Rosensweig: A headlight unto the nations

(Wikimedia Commons/Ed Yourdon/https://creativecommons.org/licenses/by-sa/2.0/deed.en)

In the old days of Jewish Toronto, the highest profile vehicle in the community was the Stroli’s delivery van. If it stopped in front of your house, you knew that your meat had arrived and the delivery man might engage you in a conversation in Yiddish, even though he wasn’t Jewish.

Today, the city’s Jewish community boasts a greater number of important vehicles, which can be seen throughout the Greater Toronto Area. One of those vehicles is the unique Friends of Simon Wiesenthal Mobile Human Rights Education Centre. Then there are the Chabad RVs, which are driven up and down Bathurst Street, blaring music well into the night on Hanukkah.

And of course, there’s the Ve’ahavta Mobile Jewish Response to the Homeless (MJRH) van, which has carried thousands of Toronto Jews on major thoroughfares, through the laneways of the downtown core and under the Gardner Expressway and Bloor Viaduct.

The Ve’ahavta MJRH program is almost a quarter-century old. Through the program, thousands of pounds of emergency food, drinks and clothing have been delivered to people living on the street. The volunteers it has carried have had their awareness raised about homelessness and tikun olam (repairing the world).

Some very auspicious characters have joined Ve’ahavta on the van, such as the late Edward Bronfman, the original donor to MJRH, as well as the late boisterous and scholarly Rabbi Gunther Plaut. The mayor of Toronto has been on the van, as well.

Ve’ahavta has had a few vans since its inception, which were graciously donated by Discount Car Rental. The nicks, scratches and notches tell a story of each one of those van, its volunteers, outreach workers and the roads they travelled.

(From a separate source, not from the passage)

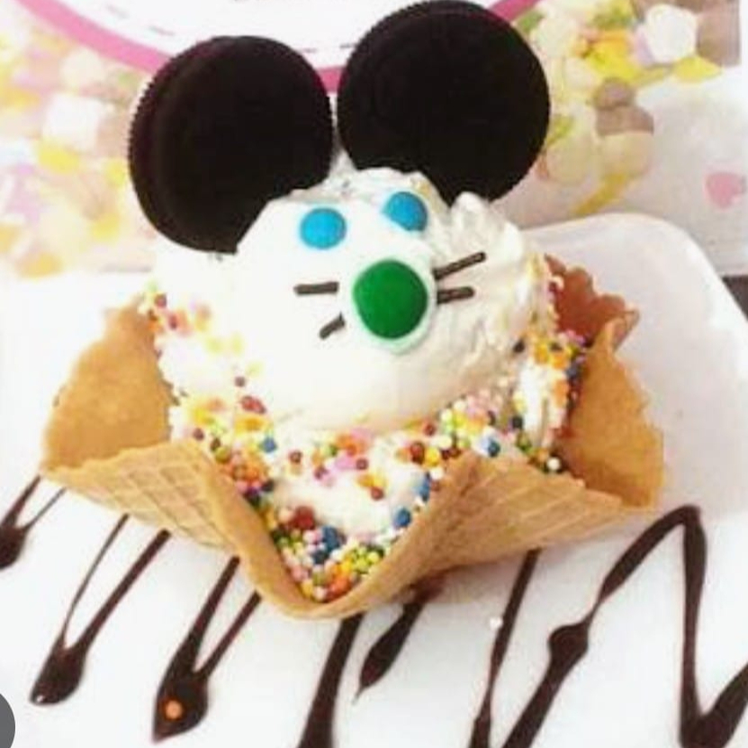 Una bola de helado, estrella, galleta oreo y m&m.

One can only imagine how much this vehicle gets kicked around, hopping up on the shoulders of busy streets and maneuvering around tight areas dotting the downtown core. Inevitably, the old vans are going to start coughing and lose their verve and energy. With so much to do, and so many people to carry, they are eventually carted off to the MJRH cemetery.

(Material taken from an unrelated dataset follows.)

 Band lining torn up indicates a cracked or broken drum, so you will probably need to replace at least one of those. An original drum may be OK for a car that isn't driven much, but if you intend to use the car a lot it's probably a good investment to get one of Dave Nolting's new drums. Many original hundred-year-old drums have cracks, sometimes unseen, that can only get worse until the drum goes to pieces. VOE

While there is a certain sadness to the end of an MJRH van, the good news is that it gets replaced, as it was in the spring of 2018, when it was superseded by a vehicle that is bigger, with enough room to carry two outreach workers instead of one and four volunteers instead of three.

The shiny new replacement vehicle allows for more than double the space to transport supplies, including harm-reduction kits, sleeping bags and food. Unlike with the old van, a shift can be completed without turning back to restock. The community’s newest vehicle also allows the people inside to stand up, move around and manage the resources within it much more efficiently.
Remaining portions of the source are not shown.